══ Information shown

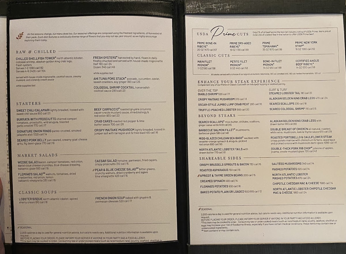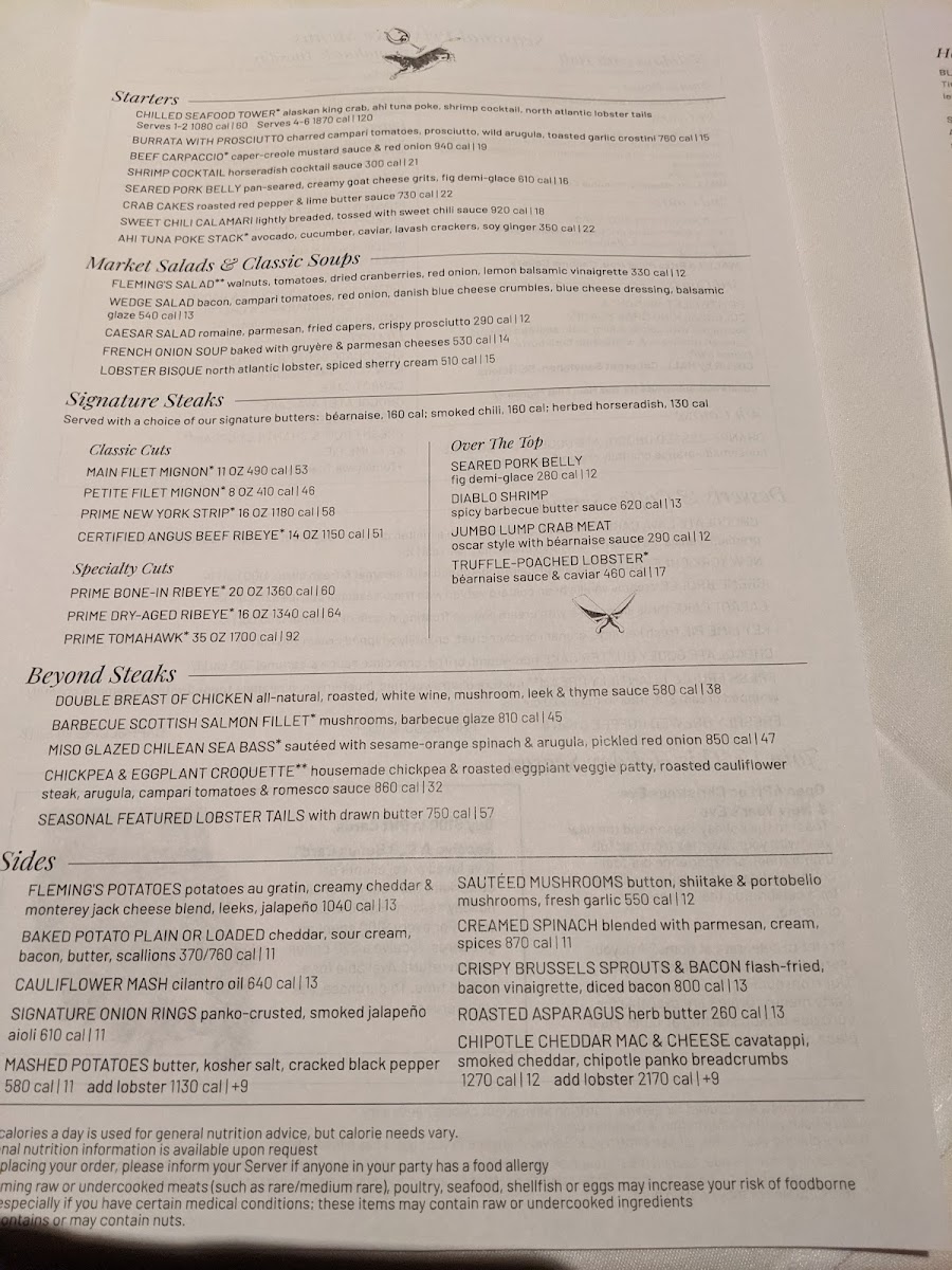 Welcome to Fleming’s Prime Steakhouse & Wine Bar - Naples, where culinary excellence meets an inviting ambiance. This premier steakhouse offers an extensive menu, showcasing an array of delectable choices that cater to every palate.
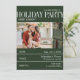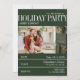 Organiza tu celebración de vacaciones con estilo con esta invitación de fiesta de Navidades diseñada en una divertida portada de revista y tema de estilo periodístico. El fondo verde oscuro añade un toque de elegancia festiva, mientras que el diseño destaca una foto personalizado, fecha del evento, detalles de RSVP y ubicación fiesta en una tipografía audaz inspirada en la editorial. Perfecto para reuniones de vacaciones, fiestas de oficina o celebraciones familiares, esta invitación marca la pauta para una noche memorable llena de alegría y alegría. Una manera única y moderna de invitar a amigos y seres queridos a sus festividades de Navidades.
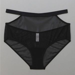 Starting high in the front and getting low in the back. It's a chic brief, featuring single layer mesh and a large cut out, giving it a strappy look. Resting at your natural waist and offering a full bum – we stay true to our values with this design: sexy is comfortable.
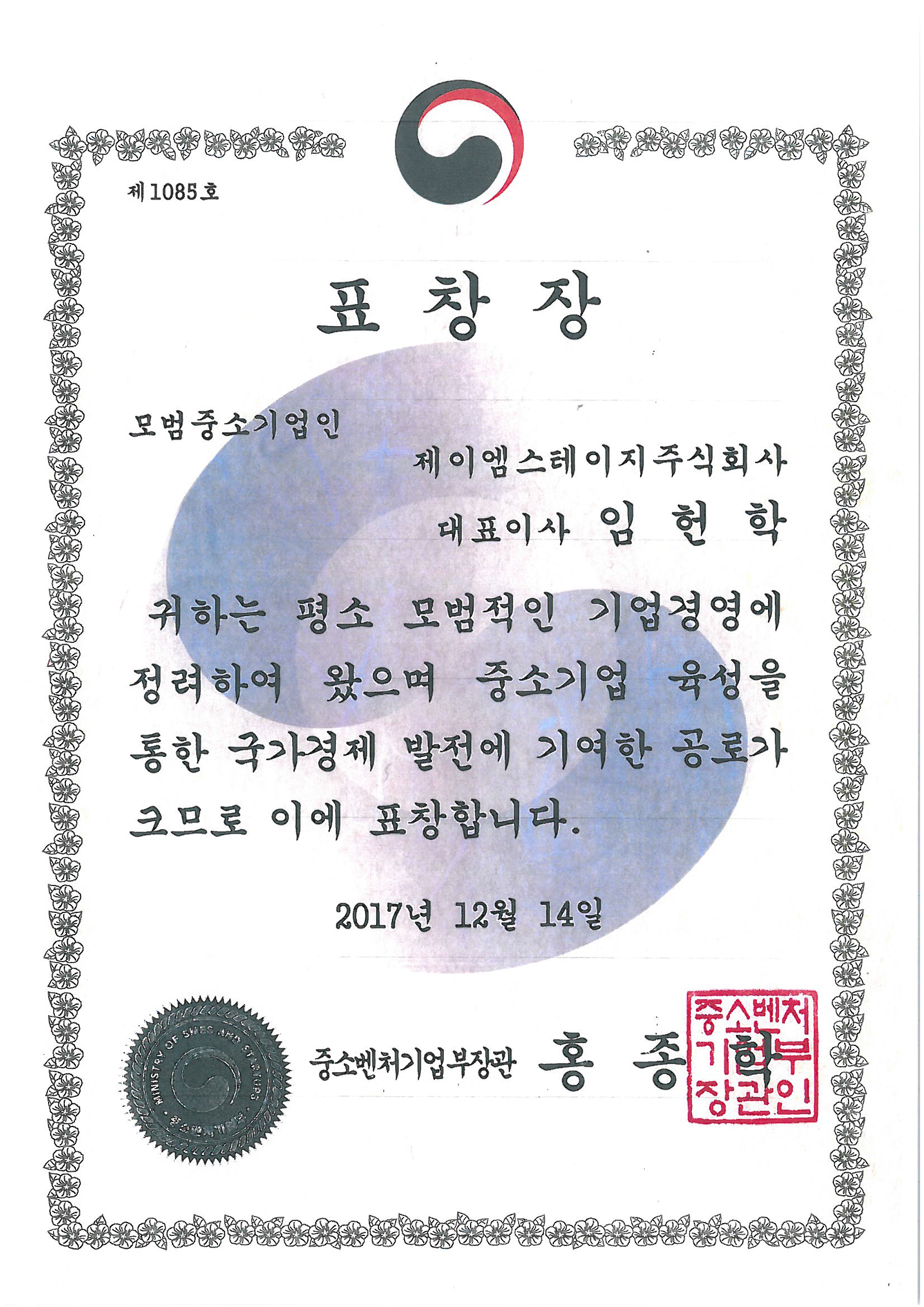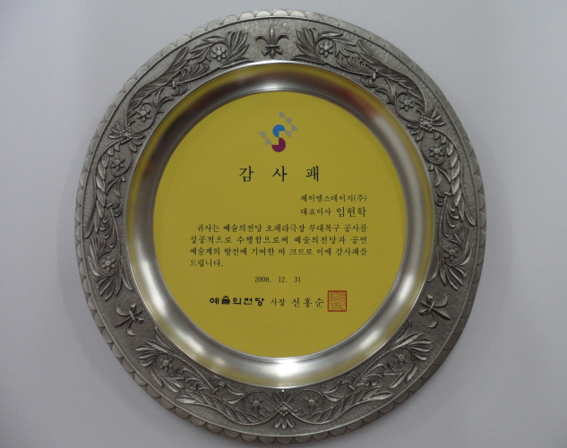 한국산업기술시험원으로 부터 무대기기 제어 소프트웨어에 대해 품질 인증 최고 등급인 1등급을 획득하여 검증된 고성능의 정밀제어 제어시스템을 제공하고 있습니다.

════

Word for word, restate all of the data, but do not copy the pictures.

 Welcome to Fleming’s Prime Steakhouse & Wine Bar - Naples, where culinary excellence meets an inviting ambiance. This premier steakhouse offers an extensive menu, showcasing an array of delectable choices that cater to every palate.
 Organiza tu celebración de vacaciones con estilo con esta invitación de fiesta de Navidades diseñada en una divertida portada de revista y tema de estilo periodístico. El fondo verde oscuro añade un toque de elegancia festiva, mientras que el diseño destaca una foto personalizado, fecha del evento, detalles de RSVP y ubicación fiesta en una tipografía audaz inspirada en la editorial. Perfecto para reuniones de vacaciones, fiestas de oficina o celebraciones familiares, esta invitación marca la pauta para una noche memorable llena de alegría y alegría. Una manera única y moderna de invitar a amigos y seres queridos a sus festividades de Navidades.
 Starting high in the front and getting low in the back. It's a chic brief, featuring single layer mesh and a large cut out, giving it a strappy look. Resting at your natural waist and offering a full bum – we stay true to our values with this design: sexy is comfortable.
 한국산업기술시험원으로 부터 무대기기 제어 소프트웨어에 대해 품질 인증 최고 등급인 1등급을 획득하여 검증된 고성능의 정밀제어 제어시스템을 제공하고 있습니다.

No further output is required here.